One of the buzzwords of the moment amongst investors and fintech specialists is “cryptocurrency”, a new form of money which has seen recently soaring demand and new types created on a weekly basis. But what exactly is a cryptocurrency and how do they work?
What is cryptocurrency?
Cryptocurrency is a form of money. Just like any other currency it can be used by holders as a medium of exchange and a store of value. But unlike the coins and notes we have in our pockets it is dealt with on a digital basis. Unlike other currencies, the security of cryptocurrencies is underpinned by mathematical proofs and regulated by complicated and technologically advanced encryption techniques.
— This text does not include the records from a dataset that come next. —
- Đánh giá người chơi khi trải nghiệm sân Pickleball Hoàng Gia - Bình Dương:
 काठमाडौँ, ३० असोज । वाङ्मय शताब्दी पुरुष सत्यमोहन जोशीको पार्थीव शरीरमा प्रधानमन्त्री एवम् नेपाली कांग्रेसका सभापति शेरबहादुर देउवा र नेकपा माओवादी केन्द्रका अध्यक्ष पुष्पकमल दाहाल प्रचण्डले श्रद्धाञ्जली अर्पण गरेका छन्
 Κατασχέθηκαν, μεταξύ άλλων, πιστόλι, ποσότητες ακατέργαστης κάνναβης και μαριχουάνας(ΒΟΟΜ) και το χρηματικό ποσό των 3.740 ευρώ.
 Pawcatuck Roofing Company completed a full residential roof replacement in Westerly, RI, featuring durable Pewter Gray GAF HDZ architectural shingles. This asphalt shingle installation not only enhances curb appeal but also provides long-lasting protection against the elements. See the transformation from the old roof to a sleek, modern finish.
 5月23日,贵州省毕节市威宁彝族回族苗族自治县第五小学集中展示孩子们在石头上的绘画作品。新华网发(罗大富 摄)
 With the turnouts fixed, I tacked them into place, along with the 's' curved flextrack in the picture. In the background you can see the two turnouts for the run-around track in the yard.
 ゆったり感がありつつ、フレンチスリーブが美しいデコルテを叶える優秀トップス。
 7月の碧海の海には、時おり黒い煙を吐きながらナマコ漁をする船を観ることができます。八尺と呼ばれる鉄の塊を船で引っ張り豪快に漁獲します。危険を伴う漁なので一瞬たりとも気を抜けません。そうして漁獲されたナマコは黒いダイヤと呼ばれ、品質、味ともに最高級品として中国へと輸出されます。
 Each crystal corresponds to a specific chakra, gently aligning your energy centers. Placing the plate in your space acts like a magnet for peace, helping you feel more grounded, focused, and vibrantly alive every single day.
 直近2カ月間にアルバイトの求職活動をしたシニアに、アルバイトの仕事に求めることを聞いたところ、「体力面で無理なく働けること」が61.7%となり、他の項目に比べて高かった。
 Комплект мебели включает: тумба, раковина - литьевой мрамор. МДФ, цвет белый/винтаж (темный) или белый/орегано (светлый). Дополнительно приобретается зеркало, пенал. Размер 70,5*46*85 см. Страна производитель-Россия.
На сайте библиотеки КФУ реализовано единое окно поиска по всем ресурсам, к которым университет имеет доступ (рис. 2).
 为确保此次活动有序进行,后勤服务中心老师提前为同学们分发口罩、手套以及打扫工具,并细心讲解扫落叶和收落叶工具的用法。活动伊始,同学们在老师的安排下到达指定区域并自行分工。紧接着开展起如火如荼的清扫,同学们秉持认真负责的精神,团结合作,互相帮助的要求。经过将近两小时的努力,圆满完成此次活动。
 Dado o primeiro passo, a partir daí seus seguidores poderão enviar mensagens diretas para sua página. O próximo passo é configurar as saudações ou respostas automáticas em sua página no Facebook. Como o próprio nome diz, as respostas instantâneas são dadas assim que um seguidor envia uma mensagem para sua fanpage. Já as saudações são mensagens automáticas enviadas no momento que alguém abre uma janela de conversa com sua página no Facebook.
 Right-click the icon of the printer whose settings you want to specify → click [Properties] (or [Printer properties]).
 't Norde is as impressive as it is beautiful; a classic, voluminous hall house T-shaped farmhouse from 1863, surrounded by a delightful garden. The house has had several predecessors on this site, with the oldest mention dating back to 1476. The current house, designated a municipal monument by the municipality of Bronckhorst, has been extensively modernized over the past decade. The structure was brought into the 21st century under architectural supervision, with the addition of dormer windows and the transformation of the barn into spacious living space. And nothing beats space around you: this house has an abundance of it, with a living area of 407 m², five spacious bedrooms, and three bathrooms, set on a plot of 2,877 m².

The first cryptocurrency ever made was the ubiquitous and market leading Bitcoin, created by a group of unknown individuals in 2009 under the mysterious name of Satoshi Nakamoto. But since then the market has exploded. As we write, there are 1,170 different cryptocurrencies listed on industry data website Coinmarketcap.com. Other popular forms include Ethereum, Litecoin and Dash.
How cryptocurrencies work
One of the key aspects to the functioning of cryptocurrencies is that transactions work without the need for a central or single administrator. Instead, cryptocurrencies use a decentralised or peer-to-peer system for their settlement, with transactions taking place directly between users, without an intermediary such as a bank. These transactions are verified by network “nodes” and recorded in a public distributed ledger known as a blockchain – a record of all transactions which is updated and readable by anyone. As a result they have much faster settlement times compared to centralised systems.
Most cryptocurrencies are created through a process known as “mining”. This sees “miners” use computers to solve complicated maths problems that once solved will generate new digital “coins”. The coins can be bought and sold on a number of specialist exchanges and then stored in e-wallets.
As you would expect of a currency, cryptocurrencies can also be used to buy goods and services, although they are not yet widely accepted amongst merchants. Despite the first real estate transaction to be completed solely using Bitcoin being done in September this year, a recent report by JP Morgan found that just three of the leading 500 internet sellers accept the cyptocurrency as a payment method.
Why are they useful?
Cryptocurrencies provide a range of benefits compared to traditional cash and other types of transaction using fiat currencies – those created by governments, such as the dollar or pound. As well the faster settlement period described above, cryptocurrencies can be used for anonymous transactions – useful for illegal and illicit deals (although we do not condone it!). In addition, cryptocurrency transactions are fundamentally more secure than those done on centralised systems, can not be falsified or reversed and there are usually very low fees associated with them.
Some investors are putting their money into cryptocurrencies as they are attracted to their inflation resistant characteristics. This is created by many of them having a controlled and limited supply. Bitcoin for example has a supply limited to 21 million coins. This means that, when all have been issued, the price will only be driven by demand for the asset as no further coins can be created. In contrast, fiat currencies can have their supply increased on a whim by governments and thus their value can be decreased over time.
What are the downsides?
While being promoted as a safe and secure way to transact, cryptocurrencies have seen a number of high profile hacks over the past few years. Cryptocurrency blog storeofvalue.github.io lists a number of security breaches, with the March 2014 hack of the Mt. Gox exchange seeing the theft of $473 million of Bitcoin.
Also, with Bitcoin and many other cryptocurrencies having soared in value over the past few years, many people are seeing them as a potential investment opportunity. But investors should be aware that cryptocurrencies are prone to large swings in value, sometimes in very short periods of time, so should only be treated as a speculative purchase.
Despite these downsides, it looks like cryptocurrencies are here to stay.